Отдельным вопросом стоит оснащение клиники. Поиском всего и всех: лекарств, рук, меценатов – занималась Карина, правая рука Вики, молодая, активная, зататуированная татарка из Уфы. В целом дела тут обстоят получше, чем в большинстве государственных заведений: про проект знают не только в Гватемале, но и за рубежом. Находится немало дарителей. Правда, перевозка лекарств через границу – отдельная головная боль. Для добычи пожертвований все методы хороши. Девчонки на пару ездят автостопом через самые криминальные города Гондураса с огромными чемоданами, попадают на свингерские вечеринки к влиятельным гватемальским олигархам и устраивают благотворительные сборы на площадках США – лишь бы обеспечить свою клинику лекарствами, жизненно важными для умирающих деревенских старушек.

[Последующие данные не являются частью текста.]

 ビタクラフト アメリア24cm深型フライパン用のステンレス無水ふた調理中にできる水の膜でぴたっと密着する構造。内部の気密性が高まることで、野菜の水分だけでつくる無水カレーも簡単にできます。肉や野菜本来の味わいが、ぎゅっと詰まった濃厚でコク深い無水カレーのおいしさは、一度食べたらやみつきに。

Бабушки, да и молодые больные, впрочем, привыкли лечиться «витаминными уколами». Пока я работал в клинике переводчиком с испанского, чуть ли не каждый второй пациент просил: уколите меня «витаминкой». Видимо, к этому их приучила государственная гватемальская медицина. Витаминов в рационе гватемальцев и правда не так много: откуда им взяться, если изо дня в день жевать только рис да бобы. А сверху все это заливать острым чили и «Кока-Колой». У многих к тридцати годам половина зубов гнилые, зато детей – с десяток. Дату рождения большинства своих отпрысков матери и не помнят (поэтому истории болезней писать врачам особенно трудно), зато улыбаются своими золотыми зубами. В Гватемале очень модно иметь окантовки на зубах из драгоценных материалов. И, может быть, на мясо тебе не хватает, но на золотые коронки (которые лепятся на пока ещё здоровые зубы) заработать – будь любезен.

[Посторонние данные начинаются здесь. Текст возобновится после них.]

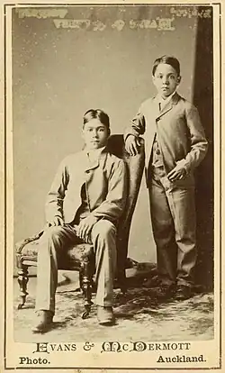 Initially, 20 players were selected for the side, named the "New Zealand Māori team".[41] Some of these players had strong family and playing links to Warbrick (such as his four brothers).[42] Warbrick was eventually compelled to add five Pākehā (European non-Māori) players to the squad, which resulted in the side being renamed the "New Zealand Native football team".[43][f] Warbrick may have wanted a team of exclusively Māori or part-Māori players, but according to historian Greg Ryan, including the Pākehā players was "necessary to strengthen the Native team and create a more effective combination". A further player, Pie Wynyard, was added to the side after they arrived in Britain in November 1888.[45][g]

В клинике «Health & Help» стоматологические услуги, кстати, тоже оказывают. Простые, как в Древнем Риме: заболел зуб – выдрали. Этим любил заниматься Марко – простой навык он получил в университетской лаборатории в Гаване, находя время на обучение между бесконечными кубинскими вечеринками.
– А меня вот с Кубы депортировали, – рассказывал я Марко и остальным о своих приключениях на Острове Свободы, переходя с испанского на английский и наоборот.
Стоматология, однако, – это не самое сложное. Вика всерьёз планировала принимать роды. Прямо в клинике. Услуга эта, несомненно, должна была бы пользоваться популярностью. Редко встретишь в гватемальских деревнях женщину до двадцати, которая не кормит или не ждёт ребёнка. Поток размножения тут непрерывен. Кстати, беременность на приёмах выявляется достаточно часто и почти всегда… случайно.
– Между прочим, вы беременны, поздравляю. Следующий! – говорит чукотский доктор Сергей очередной пациенте, удивлённо улыбающейся в сторону мужа. Муж скромно тупится в сторону: надо же…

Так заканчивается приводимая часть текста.